On Mon, Jun 2, 2014 at 9:58 PM, Ben Greear <greearb at candelatech.com> wrote:
> On 06/02/2014 11:46 AM, Emmanuel Grumbach wrote:
>>> [Good stuff snipped, adding linux-wireless as this is a more
>>> general issue if we are going to consider general framework]
>>>
>>>
>>> Maybe we should start with goals before getting to implementation
>>> details.  Here's my wish list that is ath10k specific, but probably
>>> similar to other firmware users:
>>>
>>> 1)  We need the firmware crash text currently printed to
>>> /var/log/messages.
>>>
>>> 2)  It would be nice to get the firmware RAM and stack dumps at time of
>>> crash to debug more interesting crashes.
>>
>> Right - but typically you'll have closed source / IP / whatever there..
>
> I mean that we need the raw data (ie, binary dump, something printed
> in ascii-hex, etc).  I understand it will take proprietary tools to
> decode it to something a developer can actually debug.
>
>>> 3)  It would be nice to know about firmware debug messages for
>>> the period of time directly before the crash (maybe 2-5 minutes?)
>>>
>>> 4)  It would be nice to have this interleaved with kernel, supplicant,
>>> and related logs.
>>>
>>>
>>> We need a solution for different types of users.  I suspect the number
>>> of crashes seen in the wild will be more for users nearer the top
>>> of this list.
>>>
>>> a) Normal Fedora/Ubuntu/etc default-installed distribution user
>>> with ath10k NIC has wifi issues, firmware crashes, they don't
>>> really know what firmware means or that it crashed, but some automated crash-log
>>> tool notices and gathers debug info for automated bug reporting.
>>
>> I am working on that for our firmware.

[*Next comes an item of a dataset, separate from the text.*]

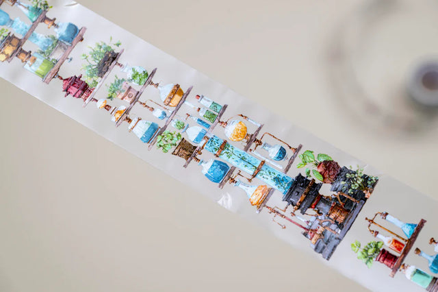 Channel the spirit of transformation with The Alchemist's Shelf Transparent Tape, a magical roll of a never-ending shelf with bottles and alchemical elements.

I recently added such capability relying on udev to notify the userspace that something bad happens. I gather all the data and prepare a binary file that is sent through debugfs (pulled by a script triggered by udev). I remember the first crash only.
>
> How is this binary blob encoded?

Different TLV based binary blobs concatenated. The actual encoding of
each of them is another story.

>
> At least for drivers that can recover from firmware crashes, I think
> we should continue to report crashes, not just the first.
>

I remember the first until udev kicks the script that will empty the
buffer. Then I take the second crash's log.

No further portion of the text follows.